When --metrics-bind-address=0, no HTTP server listens on any metrics port. Custom metrics are still registered (no panic) but not served. The operator starts and reconciles normally without metrics serving.

Authentication and Authorization

When --metrics-secure is set, the metrics endpoint uses controller-runtime's filters.WithAuthenticationAndAuthorization filter, which delegates to the Kubernetes API server for token review and subject access review.

Required RBAC resources:

ResourceFilePurpose
ClusterRole/metrics-auth-roleconfig/rbac/metrics_auth_role.yamlGrants create on tokenreviews and subjectaccessreviews
ClusterRoleBinding/metrics-auth-rolebindingconfig/rbac/metrics_auth_role_binding.yamlBinds the auth role to the controller-manager ServiceAccount
ClusterRole/metrics-readerconfig/rbac/metrics_reader_role.yamlGrants get on the /metrics non-resource URL
NetworkPolicy/allow-metrics-trafficconfig/network-policy/allow-metrics-traffic.yamlAllows ingress TCP traffic on port 8443 to the controller pod

Operator ServiceMonitor

The operator itself is scraped via a ServiceMonitor defined in config/prometheus/monitor.yaml:

yaml
apiVersion: monitoring.coreos.com/v1
kind: ServiceMonitor
metadata:
  name: controller-manager-metrics-monitor
spec:
  endpoints:
    - path: /metrics
      port: https
      scheme: https
      bearerTokenFile: /var/run/secrets/kubernetes.io/serviceaccount/token
      tlsConfig:
        insecureSkipVerify: true
  selector:
    matchLabels:
      control-plane: controller-manager

Custom Metrics

All custom metrics are defined in internal/metrics/metrics.go and use a consistent memcached_operator_ prefix.

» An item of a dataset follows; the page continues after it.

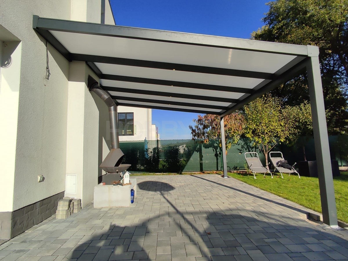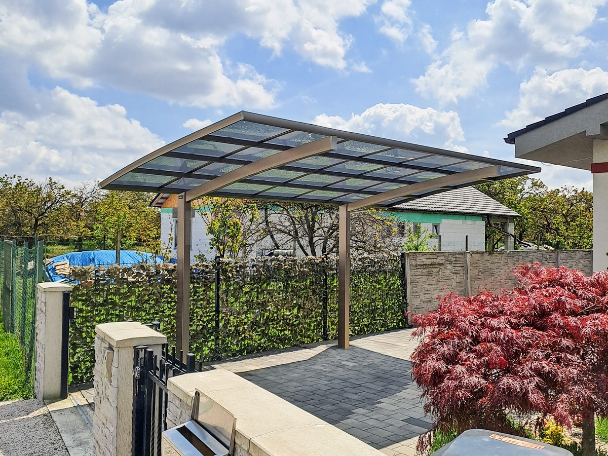 Hliníková konstrukce přístřešku nekoroduje a nevyžaduje opakované nátěry. Dlouhodobě chrání lak a interiér vašeho vozu před UV zářením, kroupami i sněhem. Díky modernímu designu má přístřešek i estetickou hodnotu. Je zajímavým doplněk u novostaveb i klasických domů.

They are registered in an init() function via ctrlmetrics.Registry.MustRegister.

memcached_operator_reconcile_resource_total

Per-resource-kind reconciliation outcome counter.

PropertyValue
TypeCounter
HelpTotal number of per-resource reconciliation operations.
Labelsresource_kind, result

Labels:

LabelValuesDescription
resource_kindDeployment, Service, PodDisruptionBudget, ServiceMonitorThe Kubernetes resource kind being reconciled
resultcreated, updated, unchangedThe outcome of the CreateOrUpdate call

Instrumentation point: Incremented in reconcileResource() after a successful controllerutil.CreateOrUpdate call. Not incremented on error. The OperationResultNone value is mapped to "unchanged".

Recording function:

go
metrics.RecordReconcileResource(resourceKind, result string)

memcached_operator_reconcile_total

Per-instance reconciliation counter.

PropertyValue
TypeCounter
HelpTotal number of Memcached reconciliations.
Labelsname, namespace, result

Labels:

LabelDescription
nameMemcached CR name
namespaceMemcached CR namespace
resultReconciliation outcome (e.g. success, error)

Instrumentation point: Incremented in Reconcile() at the end of a successful reconciliation ("success") or on any sub-reconciler error ("error").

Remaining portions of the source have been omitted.